Dr. Norman Anderson

The journal American Psychologist — which is received automatically by any member of the APA — has just published an obituary for UNC Greensboro graduate Dr. Norman Anderson. Dr. Anderson was born right here in Greensboro, earning his MA and Ph.D in clinical psychology under the direction of Dr. Rosemery Nelson-Gray. He went on to become the Chief Executive Officer (CEO) of the American Psychological Association (APA), which is the top association for professional psychologists in the United States and the publisher of many of our major journals. He was also the founder of the National Institutes of Health Office of Behavioral and Social Sciences Research in the late 1990s, whose stated goal is to accelerate health-relevant scientific discovery via behavioral and social sciences research. Anderson was one of the first scientists to study how racism-related stress impacted the health of Black people in the United States, most notably in a famous 1989 Psychological Bulletin paper on how stress was associated with hypertension (high blood pressure) in Black Americans.

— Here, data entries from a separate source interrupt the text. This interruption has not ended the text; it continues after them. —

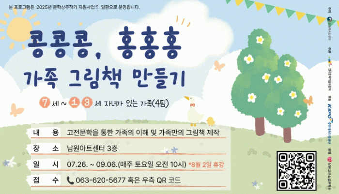 Âü°¡ ´ë»óÀº 7¼¼~13¼¼ Àڳฦ µÐ °¡Á·À¸·Î, ¼±Âø¼ø 4ÆÀÀ» ¸ðÁýÇÑ´Ù. Á¢¼ö´Â ÀüÈ(063-620-5677) ¶Ç´Â Æ÷½ºÅÍ ³» QRÄڵ带 ÅëÇØ °¡´ÉÇÏ´Ù.
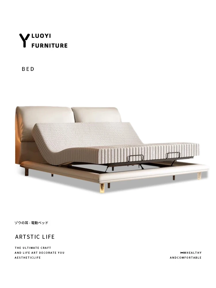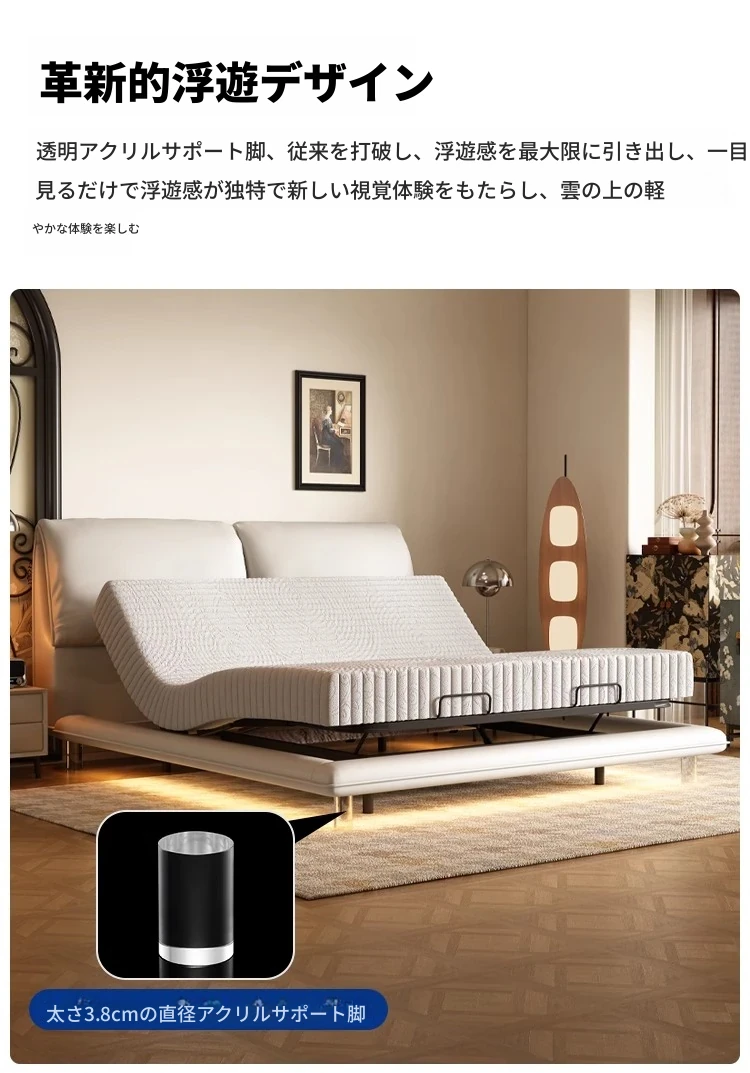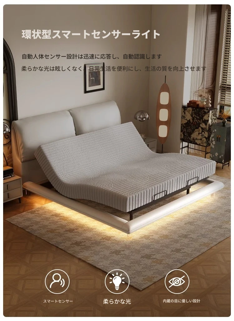 多機能電動ゾウ耳フローティングベッド|イタリアンミニマリズム真皮床|現代的シンプルデザイン|スマートリモコン昇降ベッド|快適さとスタイルを兼ね備えた贅沢な選択!
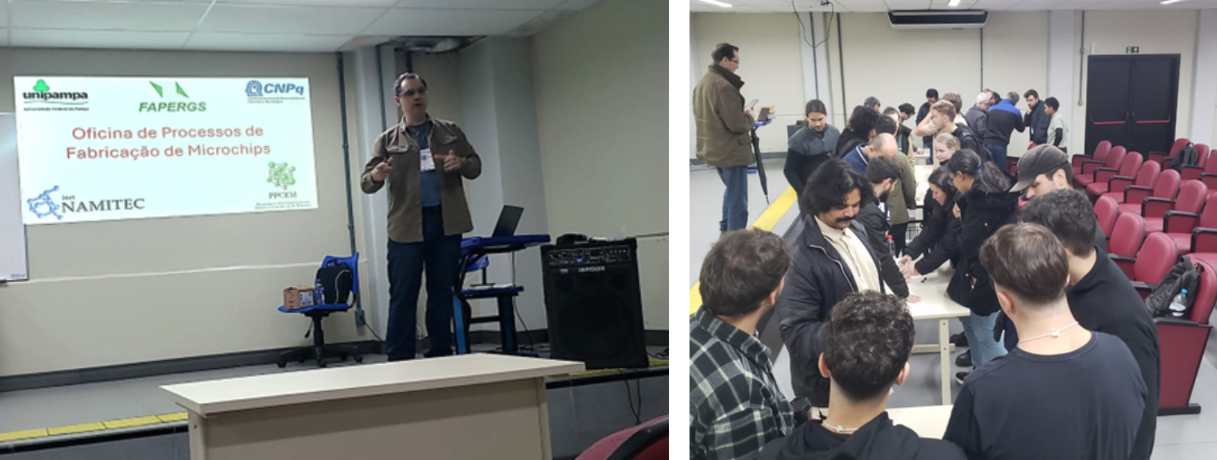 No dia 22 de novembro, durante os períodos da manhã e tarde, os estudantes Lucas Paiva e Vanessa Castro de Oliveira, dos cursos de graduação e pós-graduação da Universidade Federal do Pampa (UNIPAMPA), ministraram atividades práticas sob a orientação dos professores Dr. Eduardo Ceretta Moreira e Dr. Gabriel Henrique Justi. A ação aconteceu nos laboratórios 1106 e 1207, onde os participantes tiveram a oportunidade de conhecer processos relacionados à fabricação de microchips e explorar uma introdução ao uso do Arduíno.
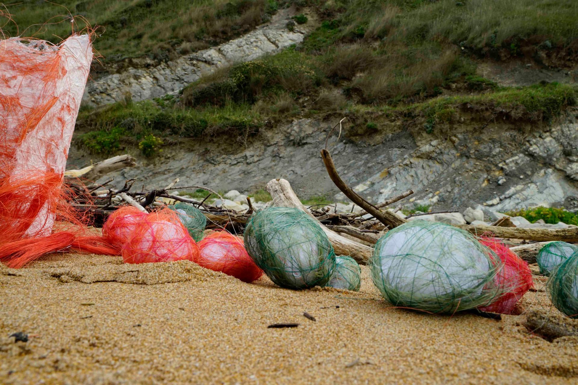 Rough twigs, carried by the waves

A long-time friend of UNC Greensboro and the Department of Psychology, he was a frequent visitor to the department and endowed several important prizes including the Norman B. Anderson Research Award to support graduate student research, particularly work aimed at supporting diversity in science or among scientists, and the Norman Anderson Travel Award (NATA) to support dissemination of scientific work conducted in the department at conferences.